[Data records]
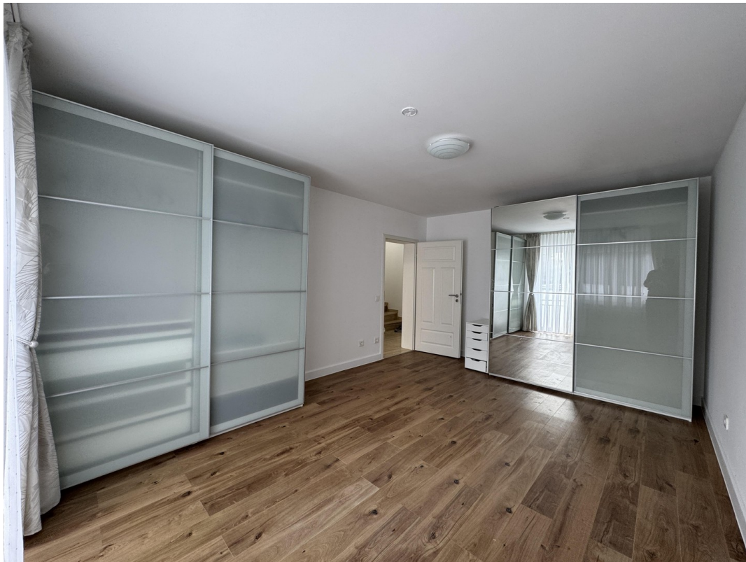
Schlafzimmer - Eltern
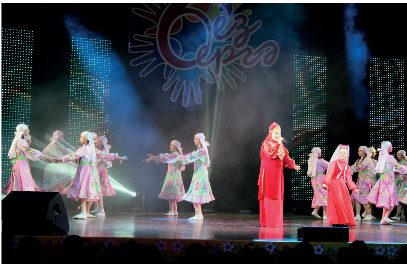
На фестивале «Без берег»

За активное участие преподаватели и учащиеся детской музыкальной школы награждаются почетными грамотами и нагрудными знаками Министерства образования и науки РТ, Министерства культуры РТ, благодарственными письмами Камско-Устьинского муниципального района РТ.
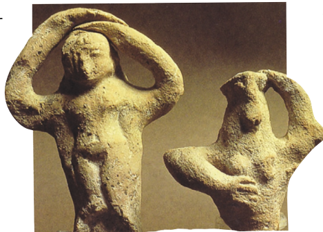
애도하는 여인들 부장품으로 사용된 듯한 이 애도하는 여인의 점토 입상들은 기원전 7세기의 것으로, 오늘날의 이스라엘 아조르에서 발굴되었다.

애가의 저술 시기와 장소에 대해서도 단정적으로 말하기 어렵다. 하지만 이 노래들이 전부 바빌론 제국이 예루살렘을 함락한 기원전 587년 이후에 저작되었다는 데에는 대부분의 학자들이 동의한다. 저술 장소로는 이스라엘 백성들의 유배지인 바빌론이 고려되기도 하지만, 이 노래들이 시작하는 것처럼 예루살렘으로 생각하는 것이 타당할 것이다 (2,9,10; 4,22; 5,4,8,18).
[/Data records]
## Exercise
For each line above that contains the word "이스라엘", copy that line.

## Final answer
애도하는 여인들 부장품으로 사용된 듯한 이 애도하는 여인의 점토 입상들은 기원전 7세기의 것으로, 오늘날의 이스라엘 아조르에서 발굴되었다.
애가의 저술 시기와 장소에 대해서도 단정적으로 말하기 어렵다. 하지만 이 노래들이 전부 바빌론 제국이 예루살렘을 함락한 기원전 587년 이후에 저작되었다는 데에는 대부분의 학자들이 동의한다. 저술 장소로는 이스라엘 백성들의 유배지인 바빌론이 고려되기도 하지만, 이 노래들이 시작하는 것처럼 예루살렘으로 생각하는 것이 타당할 것이다 (2,9,10; 4,22; 5,4,8,18).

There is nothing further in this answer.